Листая возле окна книжку с названием «Испытание любовью», Ольга услышала тихий скрип половиц. Не спеша повернулась — белоголовый паренек стоял на пороге и внимательно разглядывал Точилову, а вернее всего — ее ноги, почти не прикрытые халатиком.

— Привет, Оля, — произнес он с легкой улыбкой, продолжая бесцеремонно ощупывать котовьими глазами обтянутую тонкой тканью грудь.

— Привет, Толя, — в тон ему ответила Ольга, в свою очередь изучая внешность двоюродного брата. Красавчик, ничего не скажешь. Прямо юный Есенин во плоти. Да и хулиган такой же, судя по тому, что приходилось слышать от тети и дяди. Вот только стихи вряд ли пишет — ладно хоть если диктанты на троечку…

— Ты к нам надолго? — спросил Толя.

— Завтра утром уеду… Мама сказала, что ты сможешь подбросить меня до автобуса в райцентре.

— С удовольствием, — искренне произнес Толя.

Ольга улыбнулась родственнику, слегка повела бедрами, дразня. Взгляд мальчишки, как и следовало ожидать, упал ниже талии, скользнул по голым ногам. «Хочет, — подумала Ольга. — Вот оживи сейчас голоса в голове, я бы такого услышала…»

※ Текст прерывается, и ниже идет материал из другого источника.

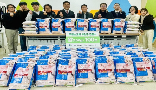 두란노교회는 31일 10kg 쌀 100포를 군산종합사회복지관(관장 황성덕)에 전달했다.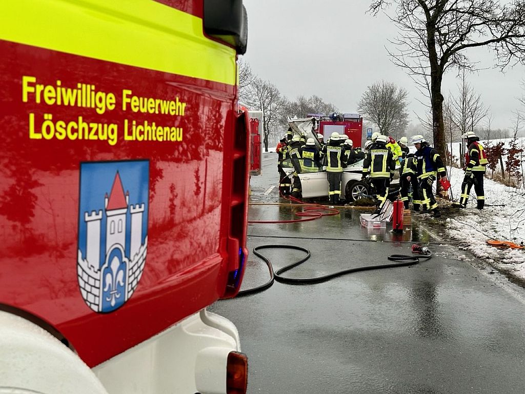 Bei einem schweren Verkehrsunfall auf der winterlichen Bundesstraße 68 bei Lichtenau ist am Donnerstagnachmittag ein Autofahrer schwer verletzt worden.

Но голоса, к счастью, молчали. И без того было всё ясно. Опережая следующую невысказанную фразу двоюродного брата, Ольга быстро спросила вполне деловым тоном, не будучи уверенной, правда, в нужном применении жаргонизмов:

— Слышала, ты собрался в ментовскую шарагу поступать. Не стремно?

Мальчишка изменился в лице.

— Кто это тебе накапал?

— Мама твоя сказала, — отчеканила Точилова. — Даже мне странно: вроде такой нормальный парень, а собрался в полицейское училище. Туда же самые отбросы поступают, кого в школе пацаны угнетали… Перед друзьями стыдно не будет?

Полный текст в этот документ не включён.